On applying Neuro - Computing in E-com Domain
Prior studies have generally suggested that Artificial Neural Networks (ANNs) are superior to conventional statistical models in predicting consumer buying behavior. There are, however, contradicting findings which raise question over usefulness of ANNs. This paper discusses development of three neural networks for modeling consumer e-commerce behavior and compares the findings to equivalent logistic regression models. The results showed that ANNs predict e-commerce adoption slightly more accurately than logistic models but this is hardly justifiable given the added complexity.
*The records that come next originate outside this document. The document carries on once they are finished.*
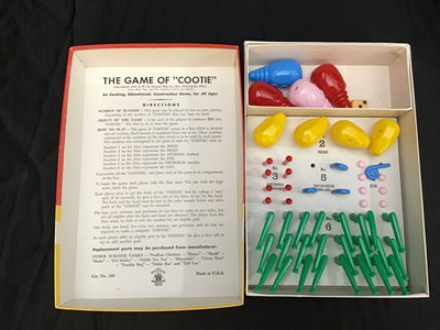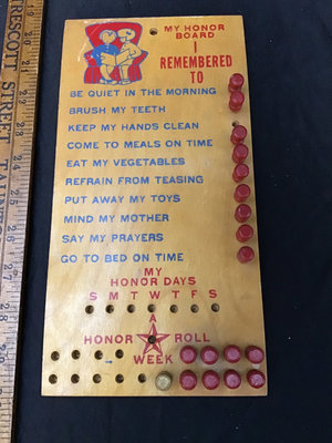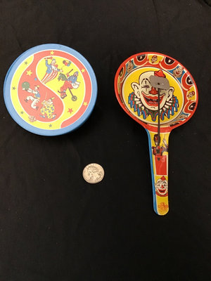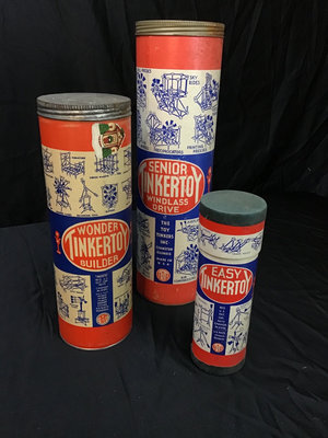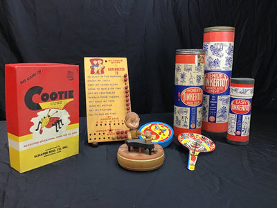 Three tins of Tinker Toys. Anri Italian music box from 1968. Wood honor board with pegs. Tin noise makers. 8 pieces.
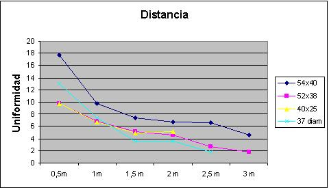 Las variaciones de la UI con respecto a la distancia fuente-detector varían dependiendo de las dimensiones de cada detector, pero el punto de inflexión general se ve claramente en 1.5 metros. A partir de esa distancia mejora notablemente el rendimiento del control.
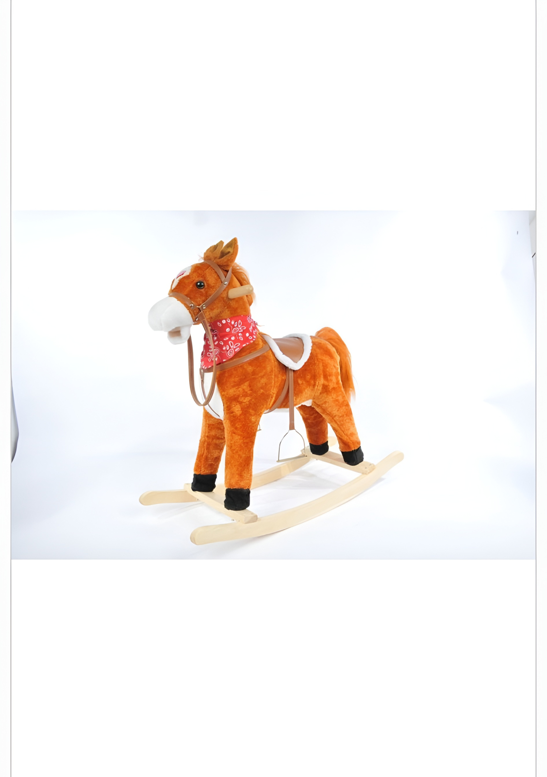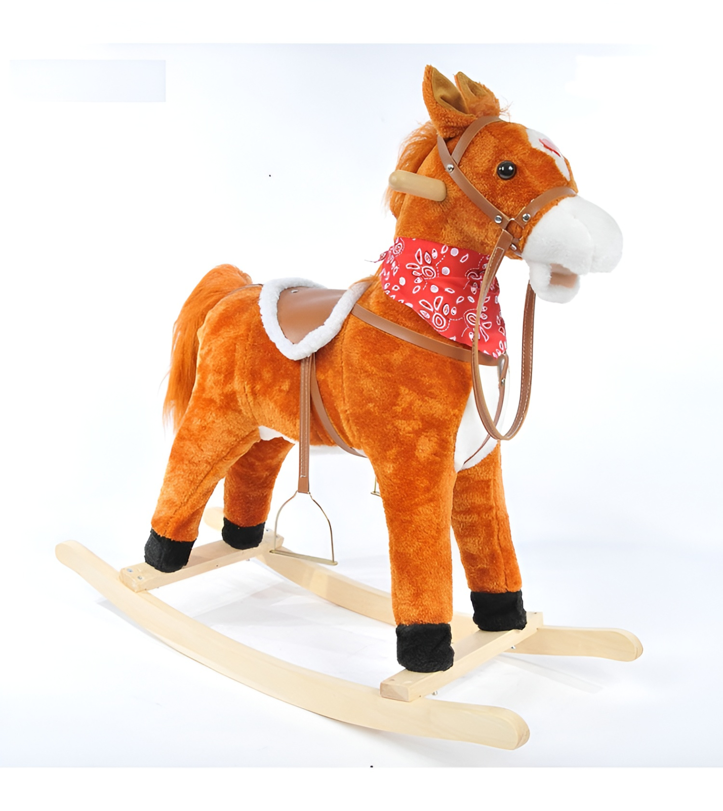 Calul este realizat din pluș dens și catifelat, cu șa confortabilă, frâu solid și eșarfă decorativă tip cowboy, oferind un aspect spectaculos și plăcut vizual. Baza din lemn masiv asigură stabilitate excelentă, iar mânerele din lemn îi oferă copilului prindere sigură în timpul balansării.
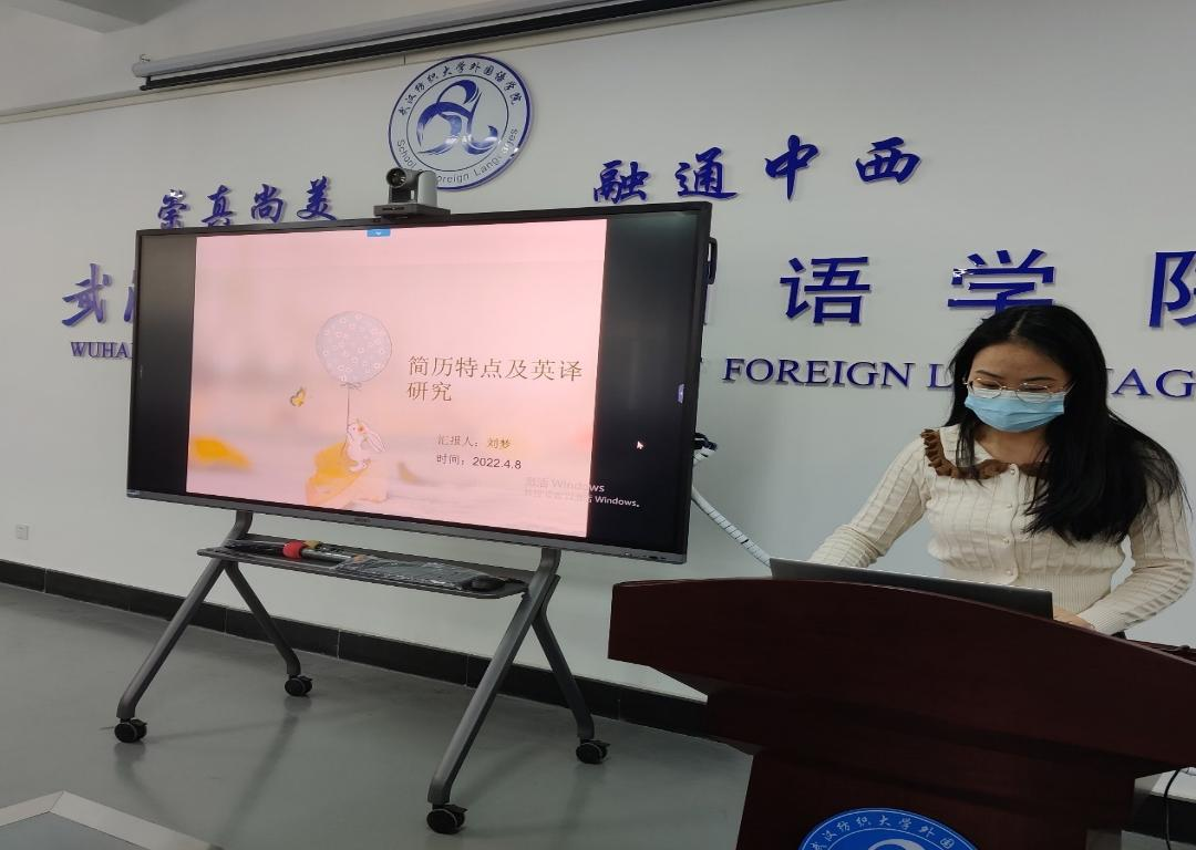 第二位主讲人刘梦同学汇报主题是“简历特点及英译研究”。首先刘梦同学阐述了简历的定义,其应该是一份“concise written introduction”,特点应该涵括“standard language ,smooth writing, compact structure, distinct gradation.“,功能是”introduce your own situation”。第二章刘梦同学简要介绍了“resume”这个单词的来源,它最开始是法语单词,等同于“abstract”,文艺复兴时期著名画家达芬奇首次使用这个单词,一百年后的16世纪晚期“resume”开始频繁使用于英国。接下来刘梦同学简要介绍了简历的格式,认为其由”title, picture, text“组成。除此之外,她认为翻译简历时应注意四点要求,分别是:1. expressiveness in linguistic norm. 2.clarity in coherence. 3. Faithfulness in idea. 4.fluency in expression. 最后刘梦同学分享了一份样例简历,并讲解其中翻译的一些特点和技巧。
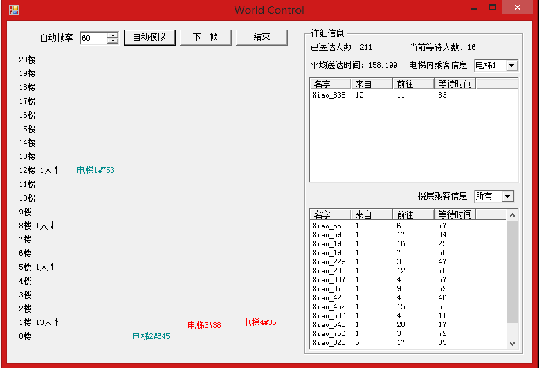 展现一个运行过程还是挺有趣的,发现自己的调度算法还是很愚蠢,上下班高峰总有那么几个楼层的人等电梯等的很惨烈……
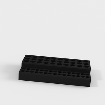 Dette er en batteriholder designet til effektiv og organiseret opbevaring af dine batterier. Når du køber batterier, kommer de ofte i akavede plastikbeholdere, hvilket gør det vanskeligt at få batterierne ud. Med denne batteriholder kan du holde op til 60 batterier samlet på ét sted. Den er pæn, kompakt og nem at opbevare i en skrivebordsskuffe.
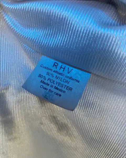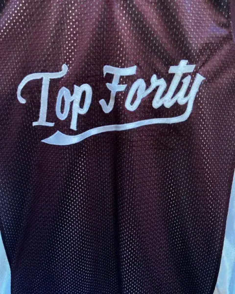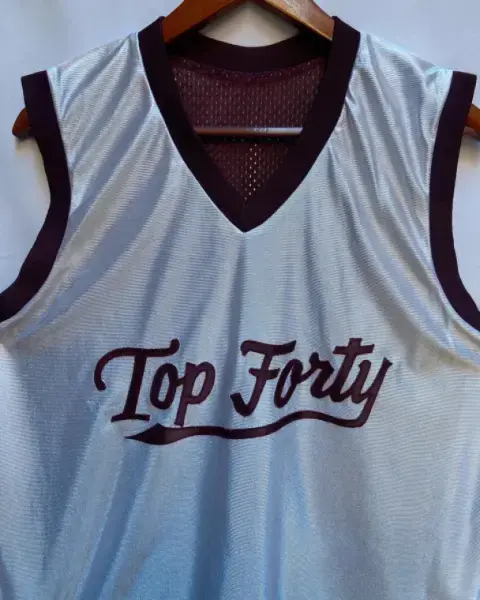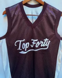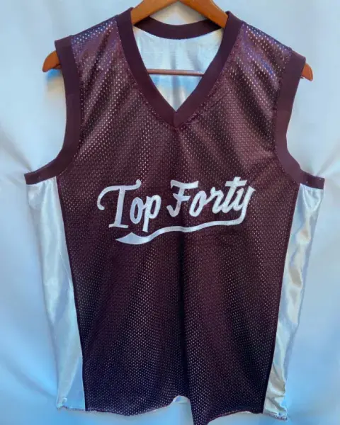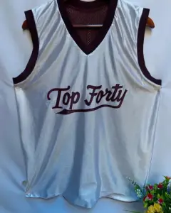 Camiseta de basquetbol doble vista de poliéster tela SPORT en blanco y guinda. Granado en ambos lados de color contrastante. Cuenta con ligero desgaste cerca de la letra T del principio de la lado blanco. El lado guinda es de tela a red y costados blanco.Talla: G (34-38) Marca: RHV
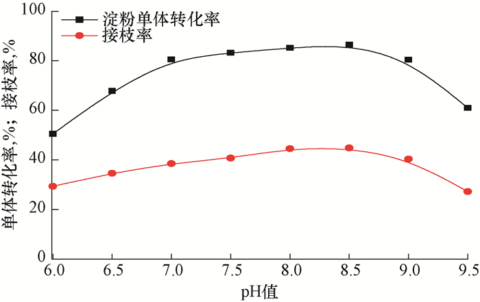 由图 3可知,随着pH值增大,淀粉单体转化率和接枝率先增大后减小,表明pH值较低或较高均不利于活性自由基生成。当pH值在7.5~8.5时,淀粉单体转化率和接枝率维持在较高水平,说明此时引发生成的活性自由基较多,有利于接枝反应迅速进行。因此,接枝反应的最佳pH值为8.5。
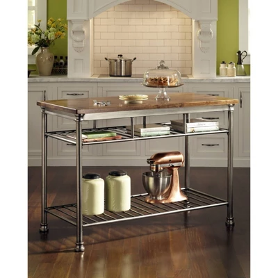 Orleans Kitchen Island Stainless Steel Base With Wood Top Brown – Homestyles
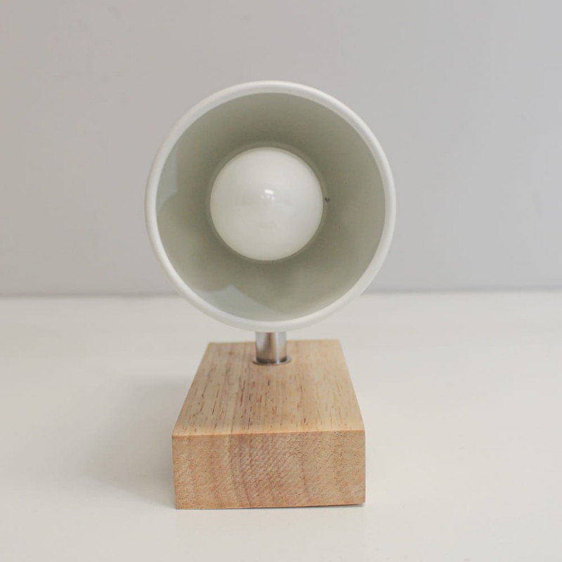 Plafonnier décoratif avec un spot en aluminium pour ampoules E14, non incluses. Le projecteur, laqué en blanc, peut être déplacé pour diriger la lumière à l'endroit souhaité. Le socle de 67x6 cm est en bois naturel.
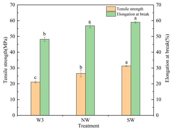 The mechanical strength of waterborne coatings is a critical parameter in evaluating coating performance [25]; therefore, the influence of nano-SiO2 and siloxane on the mechanical properties of the waterborne coatings was investigated. As shown in Figure 3, after nanomodification, the tensile strength and elongation at break of NW coatings significantly improved to 26.54 MPa and 56.75%, suggesting a 25.84% and 17.78% increase, respectively, compared to those for the W3 treatment. This phenomenon may be attributed to the enhanced cross-linking density between the waterborne polymer and the inorganic networks. Furthermore, the nanoparticles were confirmed to be uniformly distributed throughout the polymer matrix, functioning as effective reinforcing fillers [26,27]. With the addition of siloxane, the tensile strength and elongation at break further improved, probably owing to the increase in hydrogen bonding and cross-linking [25,28]. These results indicate that the addition of nano-SiO2 and siloxane makes the waterborne polymer coatings stronger.
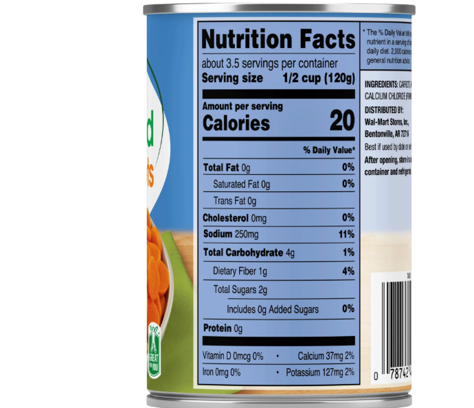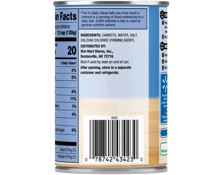 Eating your veggies just got easier with Great Value Sliced Carrots. Whether you want to make a vegetable soup, vegetable casserole, or your very own homemade recipe, Great Value Sliced Carrots have you covered. Gluten-Free with no added sugars, Great Value Sliced Carrots are canned to ensure long-lasting farm-fresh flavors perfect for delicious, easy, and quick dinner ideas. Great Value Sliced Carrots are not only fast and easy to prepare from the aluminum can but sure to satisfy. Ready in minutes, all you have to do is warm in a saucepan on the stove or heat in a microwave-safe dish in the microwave.
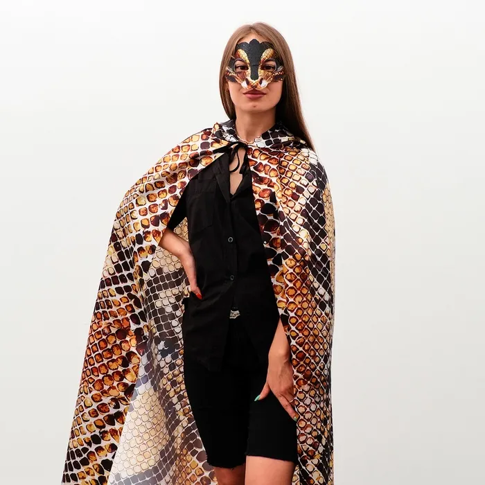 - Плащ: Плащ длинной 120 см с капюшоном создаст атмосферу таинственности. Плащ застегивается на удобные завязки и украшен стильным принтом в виде змеи.

Further, ANNs seem to be highly adaptive, particularly when a small sample is coupled with a large number of nodes in hidden layers which, in turn, limits the neural networks’ generalisability.
💡 Research Summary
**
The paper investigates whether artificial neural networks (ANNs) offer a meaningful advantage over traditional logistic regression models for predicting consumer adoption of e‑commerce. Drawing on a mixed body of literature that both praises ANNs for capturing nonlinear relationships and cautions against their propensity for over‑fitting, the authors set out to conduct a systematic empirical comparison.
Data were collected via an online questionnaire administered between January and March 2023, yielding 1,200 respondents. Twelve predictor variables were selected, encompassing demographic attributes (age, gender, income), internet usage habits (weekly online hours, mobile device share), and psychological factors (perceived risk, trust). The binary outcome variable indicated whether the respondent had ever made an online purchase. After standard preprocessing—mean imputation for missing values, one‑hot encoding for categorical variables—the dataset was split into 70 % training and 30 % testing subsets.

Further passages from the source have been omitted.